# Exercise 2.6 - Setting bits at a position n¶

## Question¶

Write a function setbits(x,p,n,y) that returns x with the n bits that begin at position p set to the rightmost n bits of y, leaving the other bits unchanged.

```
/**
*
* Exercise 2.6 - Write a function setbits(x,p,n,y) that returns x with the
* n bits that begin at positionp set to the rightmost n bits of y,leaving
* the other bits unchanged.
**/
#include<stdio.h>
unsigned setbits(unsigned x,int p,int n,unsigned y);
int main(void)
{
printf("%u",setbits((unsigned)12,3,2,(unsigned)57));
}
unsigned setbits(unsigned x,int p,int n,unsigned y)
{
return x & ~(~(~0 << n) << (p+1-n)) | ( y & (~(~0<<n)) << (p+1-n));
}
```

## Explanation¶

The important piece of the program is this:

```
(x & ~(~(~0 << n) << (p+1-n))) | ( y & (~(~0<<n) << (p+1-n)));
```

Let’s look at some inner terms. The expression ~(~0<<n) will thus always yield
right most n bits set to 1. And (p+1-n) will give a integer value for the n
digits at position p we want. We do p+1 because our position is 0 indexed while
count of digits n is 1 indexed. For e.g. in a number 1111 1111, the **4**
digits starting the position **3** is **1111**

Let’s refactor the program to understandable portions.

RIGHT_MOST_N_1S = ~(~0 << n) GET_N_DIGITS = (p + 1 -n)
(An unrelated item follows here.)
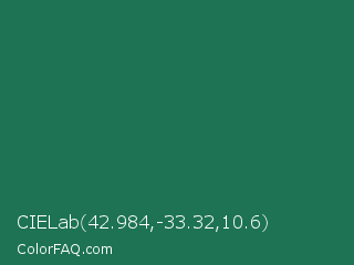 CIELab 42.984,-33.32,10.6 Color is a dark green color and the nearest color is Dark Spring Green #177245. Hex code #1d7353 and RGB value is rgb(29,115,83). In RGB color space, this color is composed of 11% red, 45% green, 33% blue, In CMYK color space, this color is composed of 75% cyan, 0% magenta, 28% yellow , 55% black , In HSL color space, this color has a hue angle of 158° , 60% saturation and 28% lightness.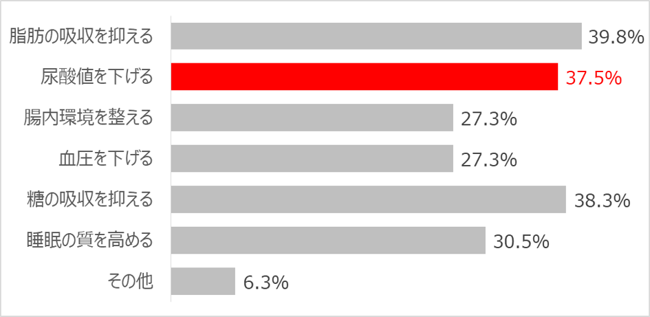 すると、週1回以上のペースでお酒を飲む人のうち、「尿酸値を下げる」と回答した方の割合は30.0%、男性に限れば実に37.5%にものぼるという結果が出ています。

The above expression becomes:

```
(x & ~(RIGHT_MOST_N_1S << GET_N_DIGITS)) | (( y & RIGHT_MOST_N_1S) << GET_N_DIGITS);
```

For a moment, let’s take the word that left shifting operation will give us expected bits. For e.g: 0000 1111 << 4 will give us 1111 0000

Reducing it further, it becomes:

```
(x & ~(Expected bits marked as 1) | ((Right most bits in y) << GET_N_DIGITS);
(x & (Expected bits marked as 0) | (Expected bits marked as 1 in y and rest as 0);
```

So in x we switch off the expected bits by **and** ing it to 0. And and in y, we just
get expected bits we want by **and** ing it to 1 and we OR the two expressions and
thus get the result.

**Why left shift?**

We left shift because we want it from a position p.

Suppose we want two bits from position 4, we we need to our bit patterns to be like this:

```
0001 1000
7654 3210
```

In the above, from position 4, we have 2 bits set 1 and rest 0.

In order to do this, we get two bits at the right most position:

```
~(~0 << n)
0000 0011
```

And then we shift it by position 4 using the expression p+1-n:

```
~(~0 << n) << (4+1-n)
0000 0011 << (5-2)
0000 0011 << 3
0 0011 000
0001 1000
```

So we determined our expected bits and we can follow the rest for the program.

Let’s get concrete and work out the program using the values:

```
x = 1111 1111 (= 255 )
p = 3
y = 0000 0000 (= 0)
n = 4
```

```
setbits(unsigned x,int p,int n,unsigned y);
```

Right most 4 bits of y = 0000 So, we our return value should be:

```
= 1111 0000
= 240
```

Let’s follow how the program determines it. We take the LHS of |

```
(x & ~(~(~0 << n) << (p+1-n)))
p+1-n = 3 + 1 - 4
= 0
(~0 << n)
= (~ 0000 0000 << 4)
= (1111 1111 << 4)
= (1111 0000)
~(~0 << n)
= ~(1111 0000)
= 0000 1111
(~(~0 << n) << (p+1-n))
= 0000 1111 << 0
= 0000 1111
~(~(~0 << n) << (p+1-n))
= ~ (0000 1111)
= 1111 0000
(x & ~(~(~0 << n) << (p+1-n)))
= 1111 1111 & 1111 0000
= 1111 0000
```

Now we take the RHS of |

```
(( y & ~(~0<<n)) << (p+1-n))
(p + 1 - n) = 0
~(~0 << n) = 0000 1111
( y & ~(~0<<n))
= 0000 0000 & 0000 1111
= 0000 0000
(( y & ~(~0<<n)) << (p+1-n))
= 0000 0000 << 4
= 0000 0000
```

We write the entire expression:

```
(x & ~(~(~0 << n) << (p+1-n))) | (( y & ~(~0<<n)) << (p+1-n));
= 1111 0000 | 0000 0000
= 1111 0000
```

Converting 1111 0000 to decimal gives us 240 and that is answer.